Pasukan Rangga pun mundur ke barat hingga tepi Bengawan Solo di daerah Kertosono (dekat Nganjuk). Pada 10 Desember 1810 itu, hanya sekitar 100 prajurit yang tersisa. Sebagian besar keluarga Raden Rangga sudah tertangkap dan dibawa ke Yogyakarta.
Sultan HB II, atas desakan Patih Danureja II yang berkubu dengan Belanda, mengirim pasukan ke Kertosono yang dipimpin Pangeran Dipakusuma, salah seorang cucu sultan. Sementara itu, pasukan Belanda mengejar dari arah timur.
Dalam posisi terjepit, Raden Rangga III akhirnya berhadapan dengan Pangeran Dipakusuma yang terhitung masih kerabatnya. Rangga meminta Dipakusuma untuk berduel satu lawan satu, dan bila perlu membunuhnya sebelum pasukan Belanda datang.
Seperti dituliskan Moelyono Sastronaryatmo dalam Babad Mangkubumi (1981), Raden Rangga menegaskan bahwa ia lebih baik mati berkalang berkalang tanah daripada menyerahkan batang lehernya kepada Belanda (hlm. 238).
Dipakusuma sempat bertanya, mengapa Raden Rangga nekat melawan Belanda sekaligus membuat Sultan HB II terpaksa turun tangan? Dijawab, ia tidak bermaksud menyusahkan Sultan dan rakyat Jawa. Sebaliknya, Raden Rangga hanya ingin menumpas siapa saja yang telah menyusahkan rakyat Jawa.
Tanggal 17 Desember 1810 itu, Raden Rangga gugur. Ia menusuk perutnya sendiri dengan tombak dan kemudian menyerahkannya kepada Pangeran Dipakusuma sesaat sebelum menghembuskan nafas penghabisan.
Jasad Raden Rangga tiba di Yogyakarta pada 21 Desember 1810. Dengan berat hati, Sultan HB II memerintahkan agar jenazah menantunya itu digantung di alun-alun, selayaknya perlakuan terhadap pembangkang. Jasadnya pun dikuburkan di kompleks pemakaman pemberontak di Banyu Sumurup, dekat Imogiri.
Sial bagi Sultan HB II. Meski sudah berbuat tak pantas terhadap Raden Rangga bahkan sampai sang menantu mati, Sultan tetap dicurigai Belanda.

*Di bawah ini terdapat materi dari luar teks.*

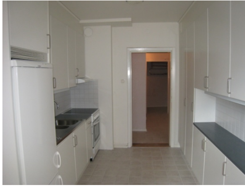
Picture of a new kitchen

Daendels menurunkannya secara paksa dari takhta dan mengangkat putra mahkota, Raden Mas Suraja, sebagai raja baru dengan gelar Hamengkubuwana III.
Satu setengah abad kemudian, tepatnya pada 1957, raja Yogyakarta saat itu, Sultan Hamengkubuwana IX, memerintahkan jasad Raden Rangga dipindahkan ke tempat yang semestinya. Sultan yang nantinya menjadi Wakil Presiden RI ini lantas menetapkan Raden Rangga Prawiradirja III sebagai pejuang perintis perlawanan terhadap Belanda.